Another challenge involved the documentation of the pain-management process along with the communication of the comfort-function goals. The hospital revised its nursing pain-management program to focus on assisting patients to take the lead in establishing their unique comfort-function goals. The comfort-function goal was viewed as a dependable level of comfort the nursing staff could strive to achieve related to pain management.


An innovative nursing pain-management policy was created with importance assigned to nursing judgment. An evidence-based algorithm was implanted in the electronic health record (EHR) based on criteria found within a modified Samuels Pain Management Documentation Rating Scale (SPMDRS).


Communication between healthcare providers continued to be an ongoing opportunity for improvement because ensuring that the data were effectively documented in the EHR was a challenge. Finding the best venue for conveying the comfort-function goal between shifts and frontline staff required careful thought and attention. Documentation of comfort-function goals in patient rooms, along with verifying the goals on an ongoing basis, compelled staff to be innovative.


The need to document goals, interventions, and outcomes within the EHR led to the incorporation of a modified SPMDRS, which requires extracting pain-management assessment, intervention, reassessment, and further intervention data from the medical record.11 (See Understanding SPMDRS.)


This hospital established a unique outcome measure by comparing a comfort-function goal with a pain score. The hospital used data from the EHR to measure the percentage of time the patient's comfort-function goal was met.

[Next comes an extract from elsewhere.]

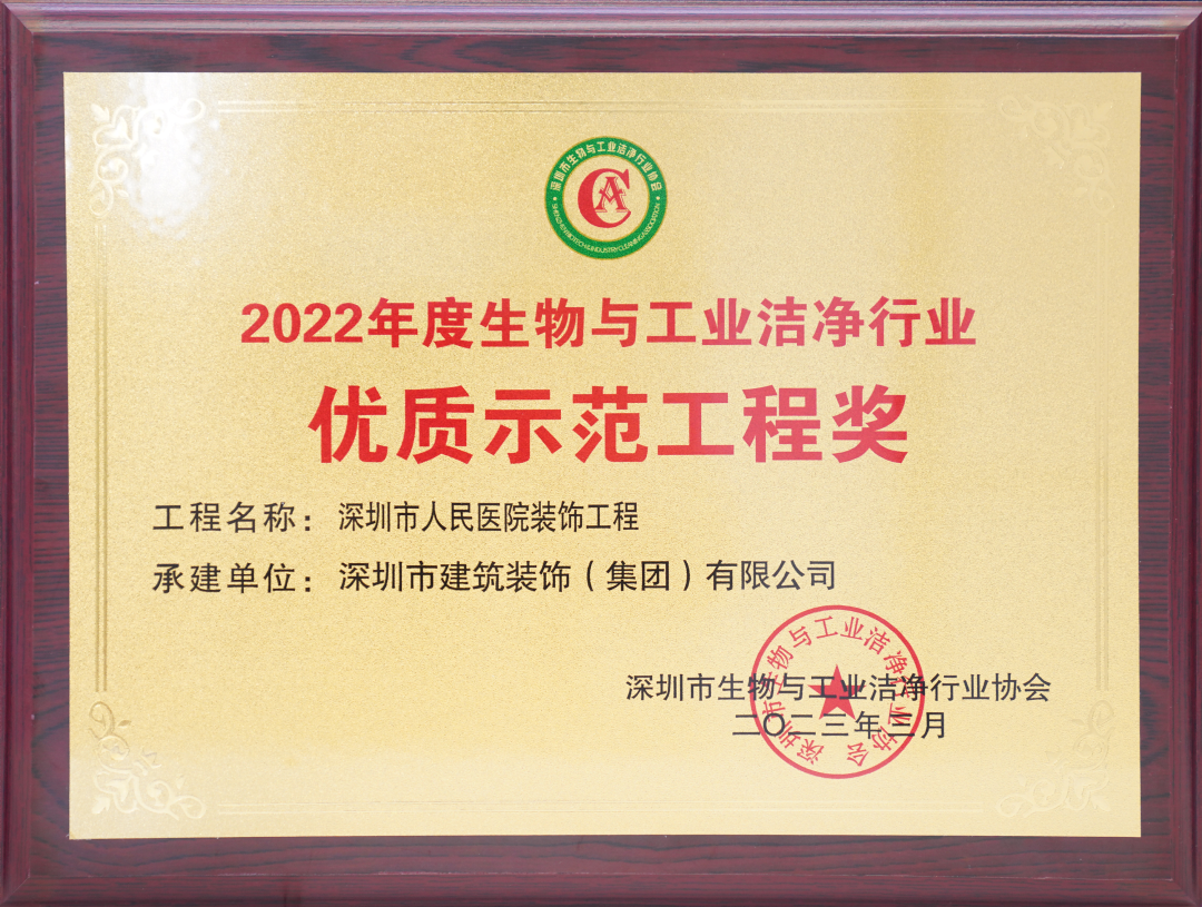 近日,2023第七屆大灣區(qū)潔凈高技術產(chǎn)業(yè)高峰論壇在深圳市南山區(qū)隆重舉行。會上,深圳市建筑裝飾(集團)有限公司承建的深圳市人民醫(yī)院裝飾工程榮獲“2022年度潔凈行業(yè)優(yōu)質工程獎”,深裝集團黨委書記、董事長兼總裁吳富貴榮獲“2022年度潔凈行業(yè)領軍人物”稱號。

Over a period of 2 years, the institution became adept at increasing the percentage of time the comfort-function goal was equal to or greater than the pain score. Prior to the use of the SPMDRS, the comfort-function goal was noted as met within the healthcare provided 53% of the time. Following the implementation of the SPMDRS, the comfort-function goal was documented as met 62% of the time. The number of times nurses documented the comfort-function goal and the pain score increased from a level of 88% to 95% over the 2-year period. The hospital realized the importance of using the comfort-function goal with the pain score to reflect the pain-management process.


Many benefits

The frontline staff at this institution are now well-versed in addressing patients as individuals with regard to providing comfort. Patient involvement in the establishment of comfort-function goals allows the focus of pain management to take the uniqueness of each patient into account. Because each patient must work with the frontline staff member to establish a realistic comfort-function goal for use during hospitalization, communication as to the expectations for pain management has improved. The comfort-function goals are documented in highly visible areas, such as on the patient message board in the room and in the patient's medical record, so that all staff members can use the information to help the patient manage pain and discomfort. Further research is needed to validate using occurrences where the comfort-function goal is met as an outcome of pain-management efficacy.


Understanding SPMDRS

The SPMDRS has six rating levels progressing from 1 = Excellent to 7 = Very poor. This scale was incorporated to provide consistency within the evaluation of the pain-management program.


The tool was determined to have interrater reliability reaching the level of .95 and an intraclass correlation coefficient of .96.11 Further investigation is needed to confirm the validity of the SPMDRS. The investigation of a pain-management program that includes correlation of the comfort-function goal with the pain scale along with a validated EHR process is key to advancing the program.